## Problem to solve
Copy each line from the listing below where the word "that" shows up.

## Dataset excerpts
[Start of Attachment]

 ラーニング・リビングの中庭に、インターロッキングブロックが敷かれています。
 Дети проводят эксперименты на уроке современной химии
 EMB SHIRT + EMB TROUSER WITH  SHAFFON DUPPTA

[End of Attachment]
[Start of Attachment]

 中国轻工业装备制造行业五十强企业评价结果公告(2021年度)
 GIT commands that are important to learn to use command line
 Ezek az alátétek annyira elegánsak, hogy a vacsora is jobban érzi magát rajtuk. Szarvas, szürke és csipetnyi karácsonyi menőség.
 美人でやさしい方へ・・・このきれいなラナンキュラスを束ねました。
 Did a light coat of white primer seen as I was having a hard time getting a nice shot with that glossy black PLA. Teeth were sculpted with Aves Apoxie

[End of Attachment]
[Start of Attachment]

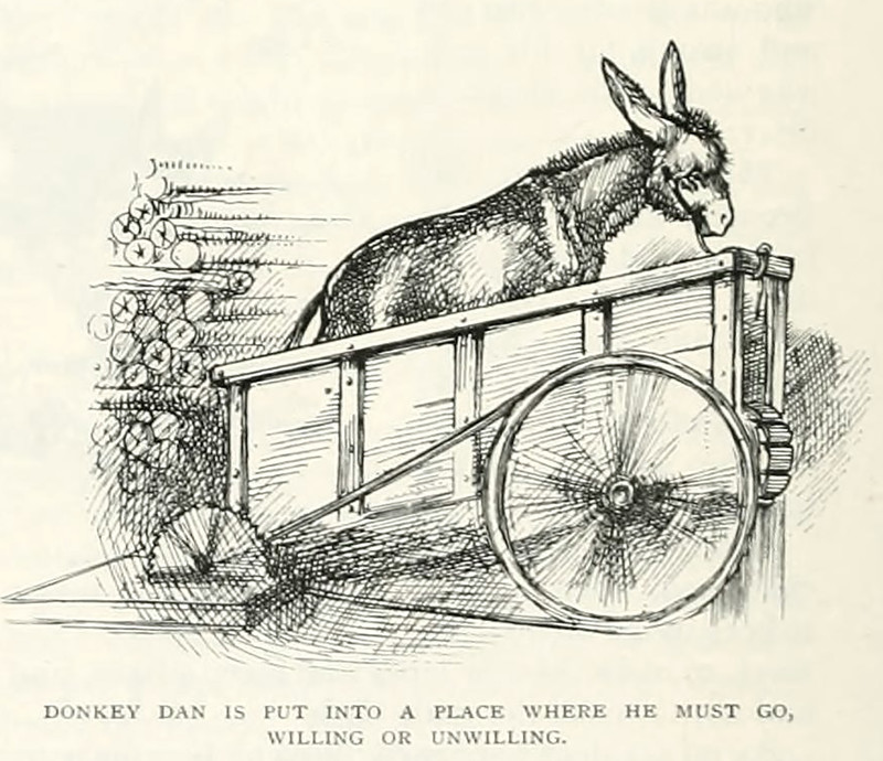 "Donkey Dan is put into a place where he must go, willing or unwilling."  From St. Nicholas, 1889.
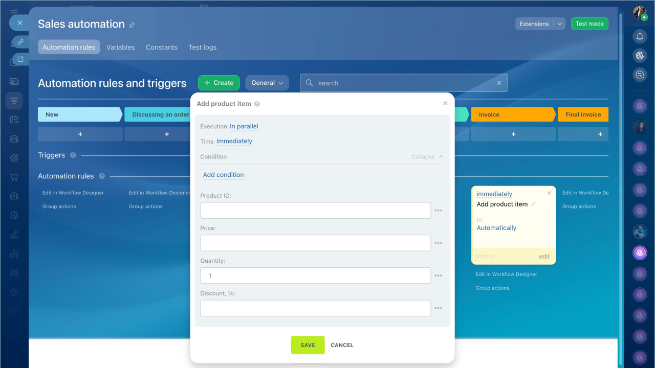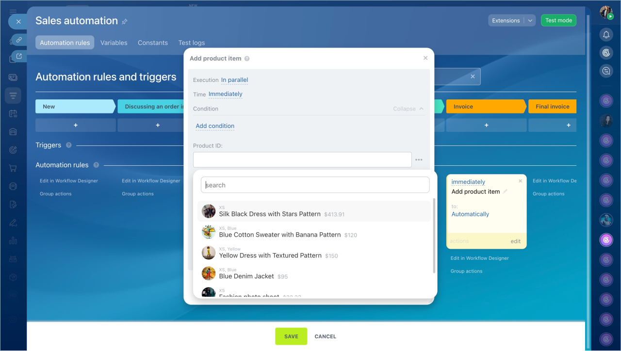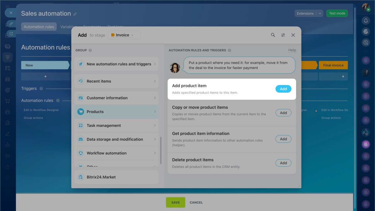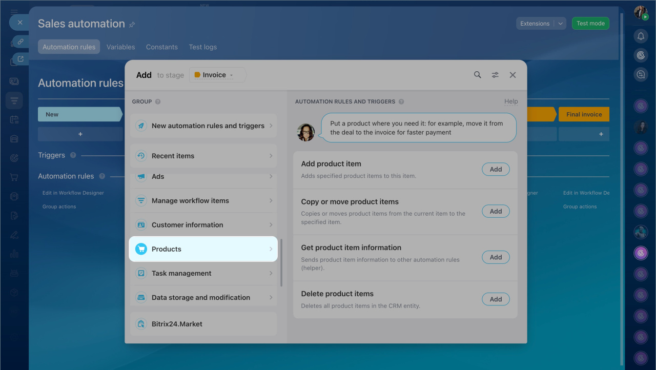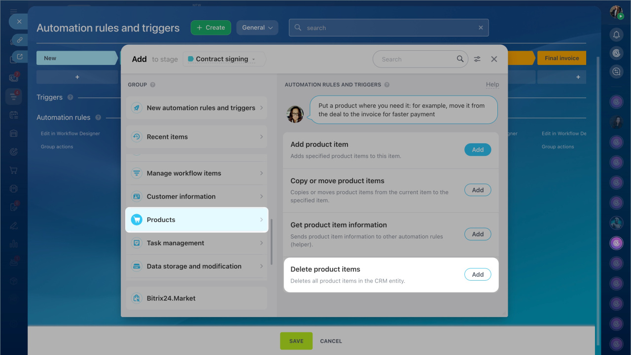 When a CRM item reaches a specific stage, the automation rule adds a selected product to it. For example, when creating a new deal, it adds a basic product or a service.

[End of Attachment]

## Answer to the exercise
 GIT commands that are important to learn to use command line
 Did a light coat of white primer seen as I was having a hard time getting a nice shot with that glossy black PLA. Teeth were sculpted with Aves Apoxie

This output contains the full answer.